Her phone’s ‘do not’ message was ringing around her head, making her desperate to see deeper.

The pink plastic container was welded shut. He shook it, something wobbled, eyebrows lifted higher.

“How am I supposed to open this?” he asked. She handed him a scalpel.

He looked up at her as if to say, ‘How did you know I’d need this?’ But taking the blade without a word, he prodded, searching a spot in insert the steel tip.

The blade skidded and jumped, nicking his finger drawing blood.

“Shit!” he yelled. Slamming the table, “I should throw the damn thing away.”

Calming he tried again. This time, he eased a small opening wider, the weld cracked, splitting into two halves. Tissue paper and cotton wool spilt, revealing brown bloodstains and an ear.

Dropping his gift he leapt backwards, knees bent to his chest, arms clutching his shins, sitting like a newborn, the coffee mugs jumped and smashed as the table tipped over.

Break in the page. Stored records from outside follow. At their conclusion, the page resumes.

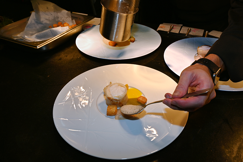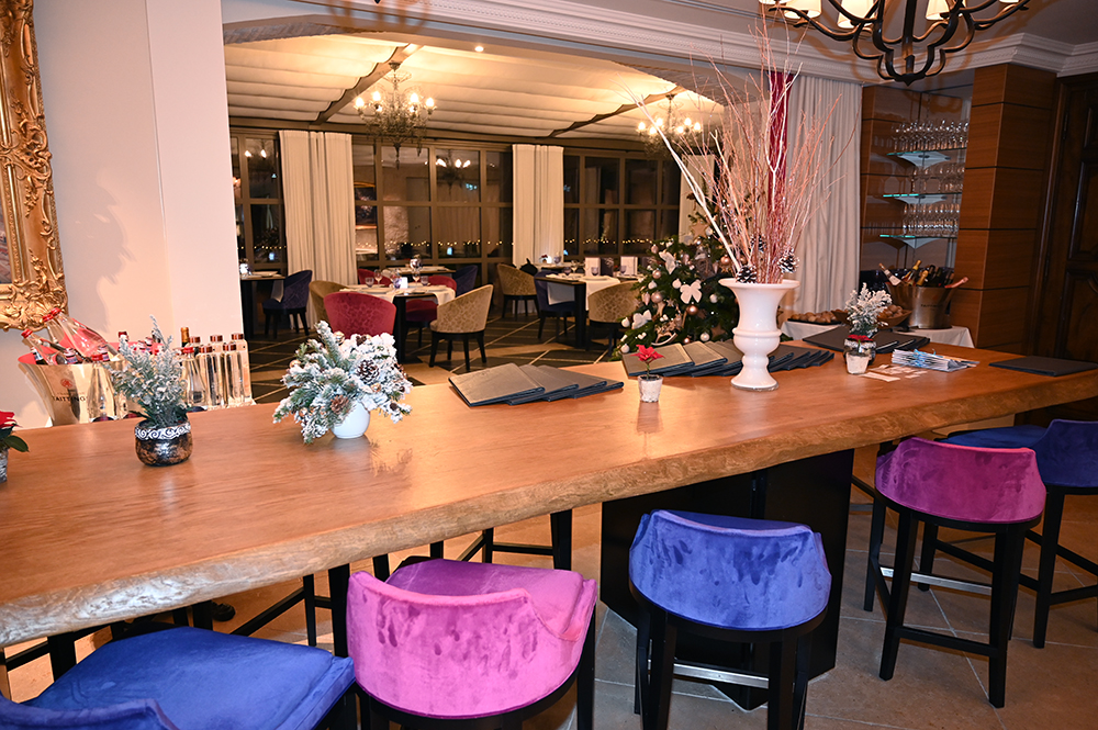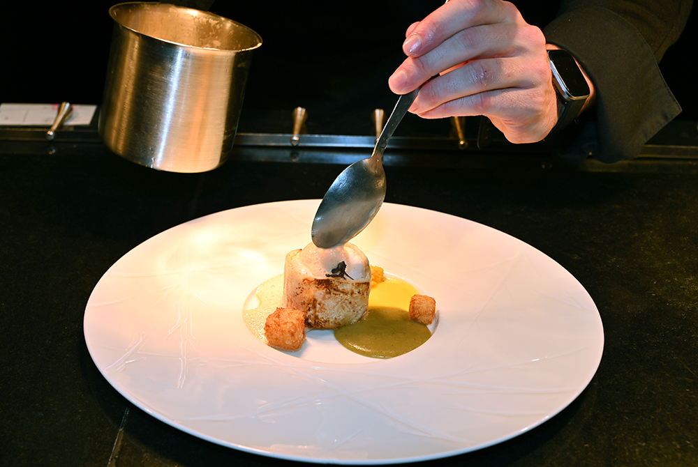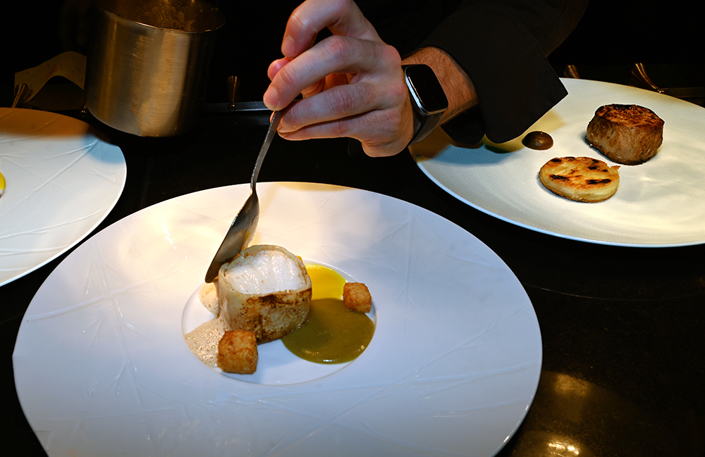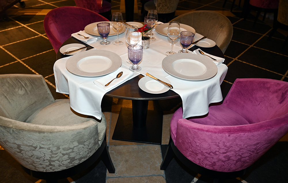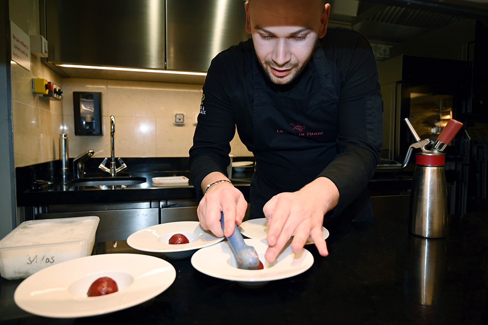 La Table de Pierre, le restaurant gastronomique du Domaine du Mas de Pierre s’ouvre directement sur la nature et sur les jardins, protégé par une baie vitrée rétractable dans le sol aux premiers rayons de soleil. Le chef exécutif Emmanuel Lehrer, qui chapeaute l’ensemble de la restauration, ainsi que le room service, le lagon et l’événementiel, a confié au jeune chef Maxime Leconte les nouveaux pianos face à une table d’hôtes de 14 places. Le chef de 28 ans opère depuis sa « cuisine spectacle », offrant aux convives d’assister en direct aux préparations et découvrir ainsi les gestes méticuleux du dressage des assiettes très graphiques, à l’image de l’art omniprésent sur le domaine.
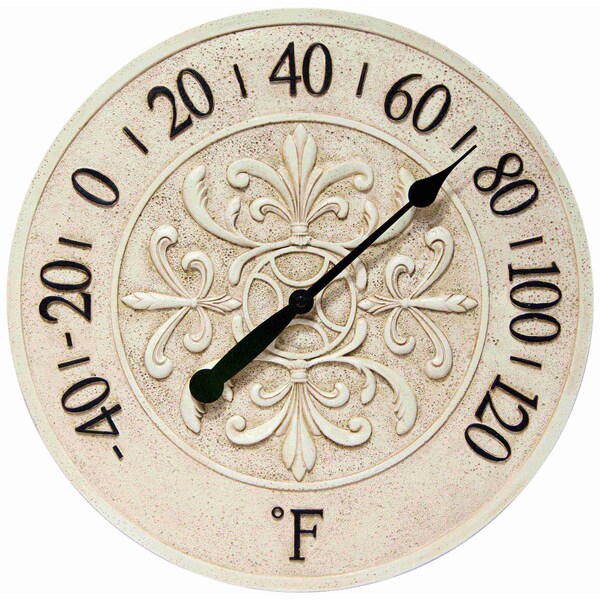 Blanc Fleur - 15in Round Wall Thermometer, White Finish Case, Open Face, Water Resistant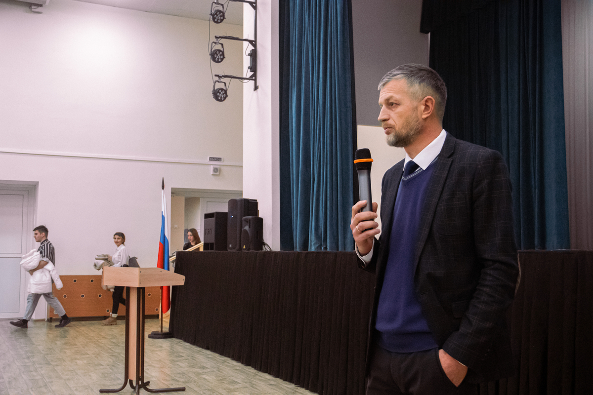 Во второй части встречи руководитель школьного спортивного клуба «Олимпийский резерв» Гимназии № 7 В.С. Трошин рассказал о своём педагогическом опыте в преподавании физической культуры и представил достижения своих подопечных.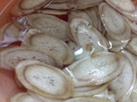 - ごぼうは5ミリ幅に切って、アク抜きのため15分ほど水にさらします。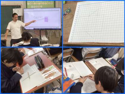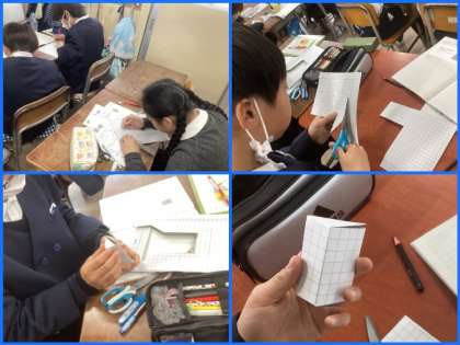 5年 角柱の展開図をかこう(2/19) 公開日 2024/02/19 更新日 2024/02/19 5年 算数科では「角柱と円柱」について学習しています。今日は、三角柱の展開図のかき方について考えました。 底面の三角形のかき方にひと工夫が必要です。方眼紙を前に、真剣に考えていました。 展開図がかけたら実際に切って三角柱を作り、課題を確認することができました。 いいね(0)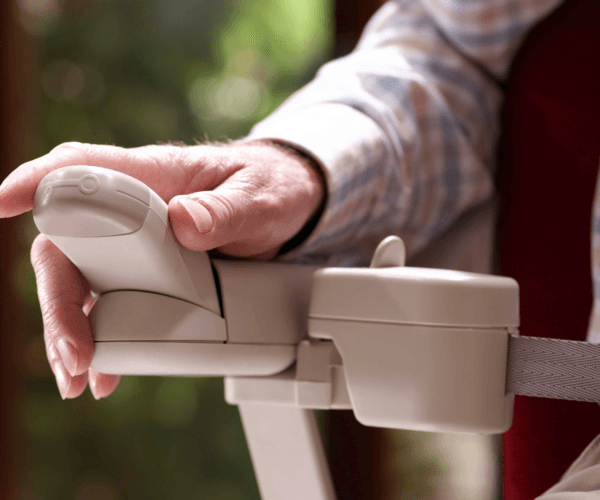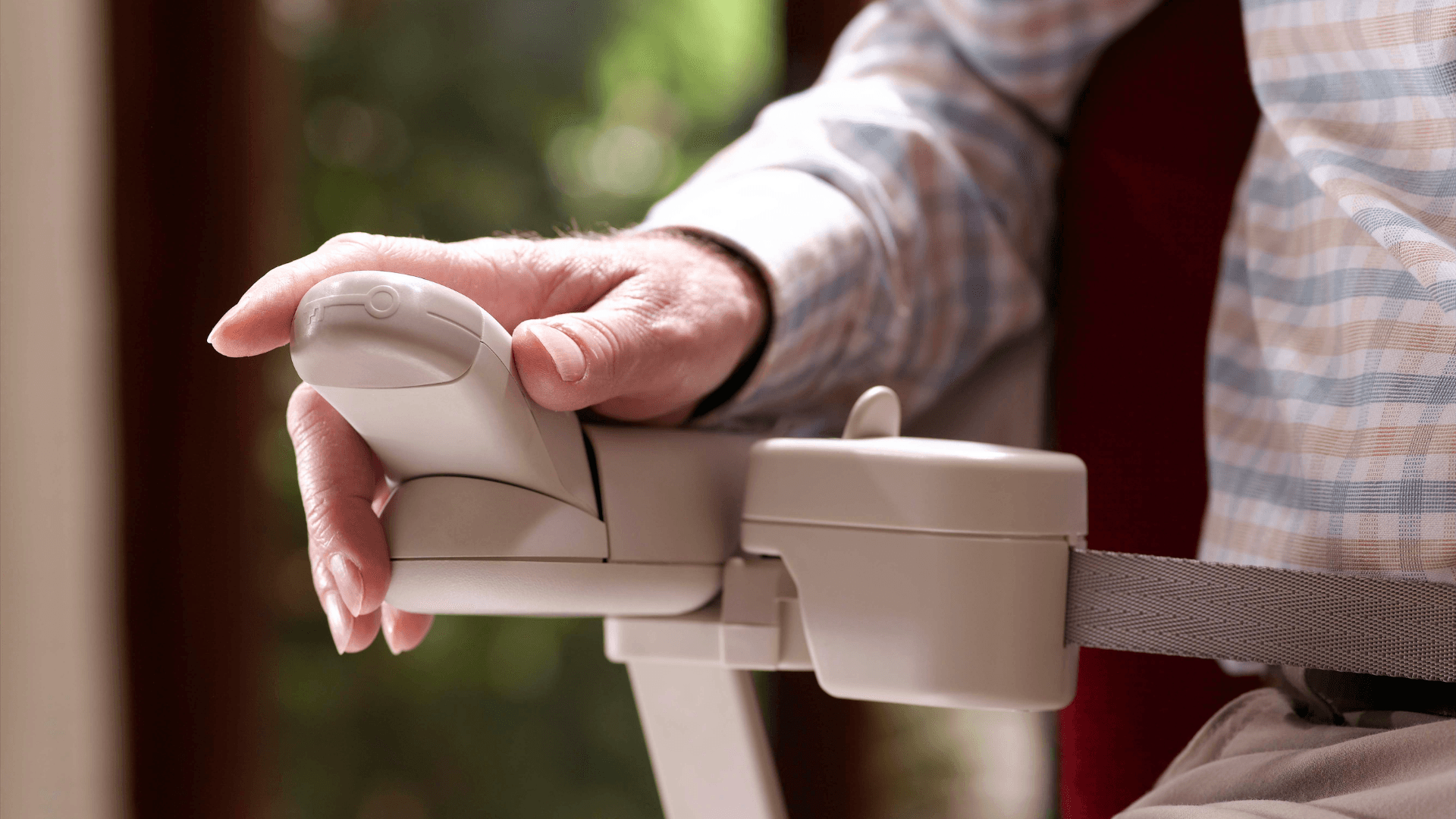 Hissen är enkel att manövrera. Körknapparna är monterade i ändan av armstödet och handen kan vila på armstödet, medan fingret styr upp- och nedknappen.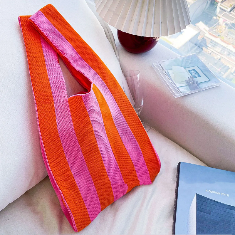 Maak kennis met de Lou Handtas. Dit gehaakte meesterwerk is zorgvuldig vervaardigd met een gestreept patroon dat moeiteloze elegantie uitstraalt.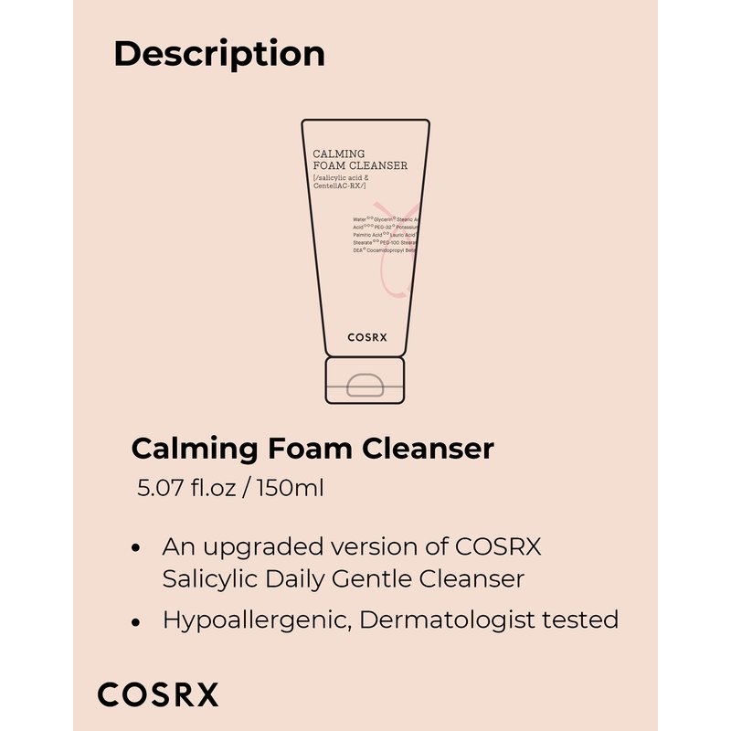 - COSRX Standards: All COSRX products are formulated with skin-friendly ingredients that alleviate irritated skin. Hypoallergenic, Dermatologist tested, Animal Testing-FREE, Parabens-FREE, Sulfates-FREE, Phthalates-FREE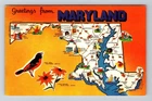 MD-Maryland, Scenic Greetings, Map Landmarks, Vintage Postcard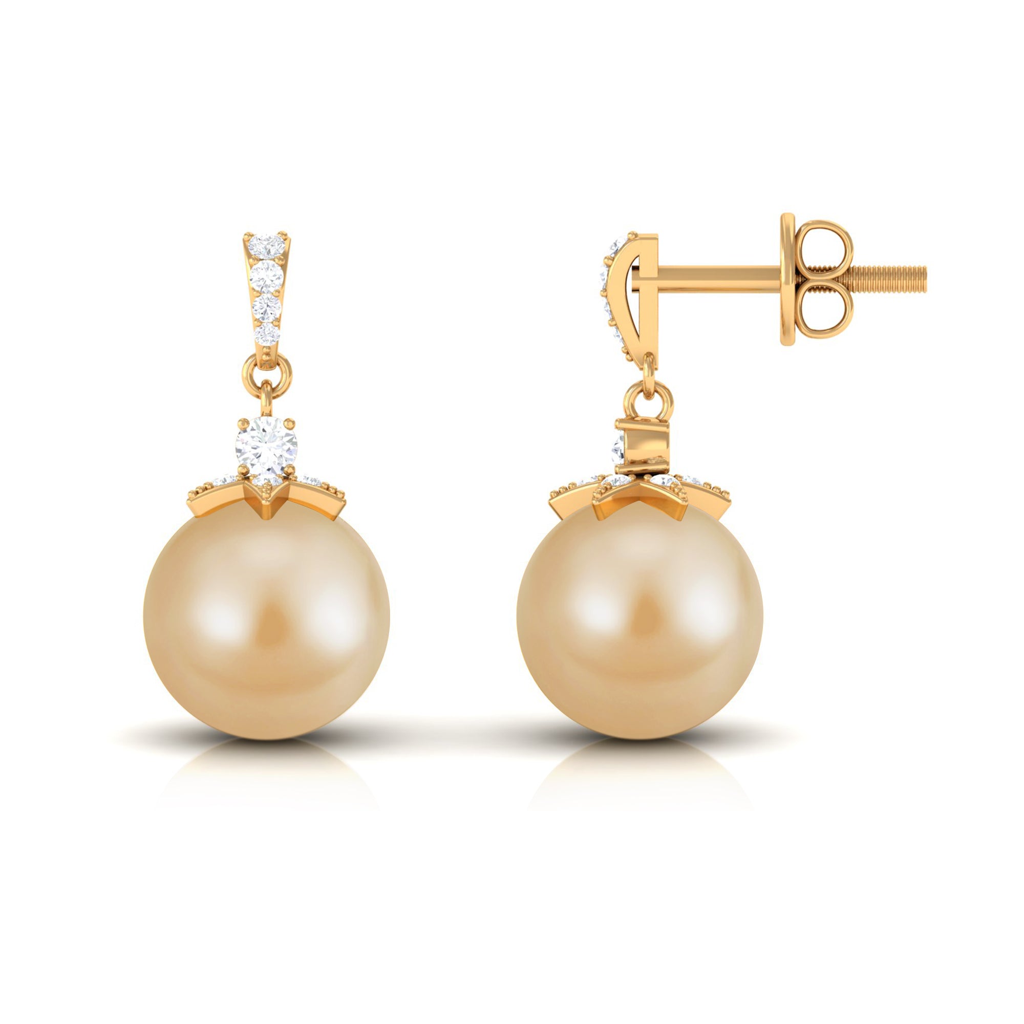 South Sea Pearl Minimal Drop Earrings with Diamond Stones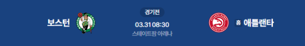 2026년 3월 31일(화) 08:30(KST) 애틀랜타의 스테이트팜 아레나에서 열리는 보스턴 셀틱스 vs 애틀랜타 호크스의 NBA 정규시즌 매치업 분석 리포트입니다.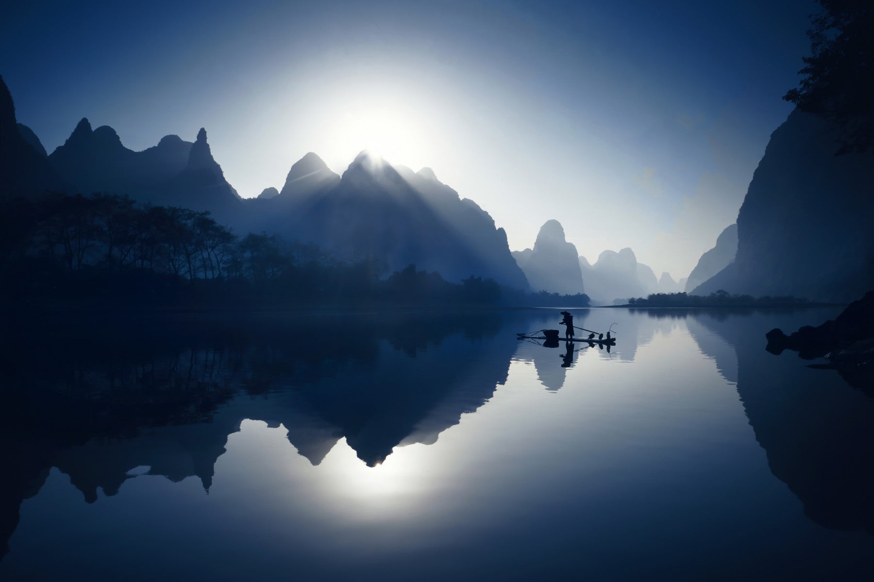 Capture a quiet moment with this striking river scene. Gentle light breaks through the mountain peaks, casting a peaceful mood. The still water shows mirror-like reflections, enhancing the calm. Soft, cool blue dominates, bringing a sense of serenity to any space. Use this wallpaper for walls in your bedroom for a tranquil atmosphere. It also works wonders in a living room or office, lending elegance and a calming presence that complements minimalist or nature-inspired interiors.

He trembled, pushing to the back of the sofa, Chok Dii bent to see what scared him. Picking up her scalpel, she flicked at the paper, uncovering the ear, small and dainty boasting a diamond stud, and a few strands of blonde hair. She prodded it with the knife blade, stood the table, then studied the pink flesh.

Turning and staring at Dan, questions flowed. Dan stammered, eventually he calmed and sat next to her.

“I used to wear that earring, I gave it to her.”

“Did you cut her ear off?”

“Of course not!”

“I’m ringing the police.” She hunted her phone. It rang before she touched it.

Chok Dii snatched at it only to see a message. ‘Do you want another gift?’

She ran to the sink and threw up.

Dan sat, head in hands, remained still as the doorbell rang. Chok Dii rinsed her mouth before answering the bell.

A green uniformed man held out a well-wrapped package, looked at her, “Mr Dan?”

The paperwork was signed; the package rested next to his brother on the table.

“Don’t open it,” Chok Dii yelled.

“I’m not going to, phone the police, let them deal with it.”

Her smartphone beeped a message.

‘Do you know Vincent van Gogh?’ She read. Before handing her mobile to Dan.

“Who sent it?” asked Dan.

“No idea, some quiz or game app? What did the message mean?”

Dan’s skin lost all colour. He rushed to the kitchen sink.

“What’s the matter? Who is Vincent whatever?” she asked as he cleaned his mouth.

“He was an artist who hallucinated because of his depression. One day he cut his ear off.”

“Oh, my God, you mean…?”

The doorbell chirped and rang again as if stuck. Dan rushed to the door.

Not a male in a green uniform this time. A blonde girl stood with a hairbrush sweeping her locks across her shoulders.

“I’ve gone one better than him. You said you’d love me forever, I never want to hear those words again,” she said, smiling.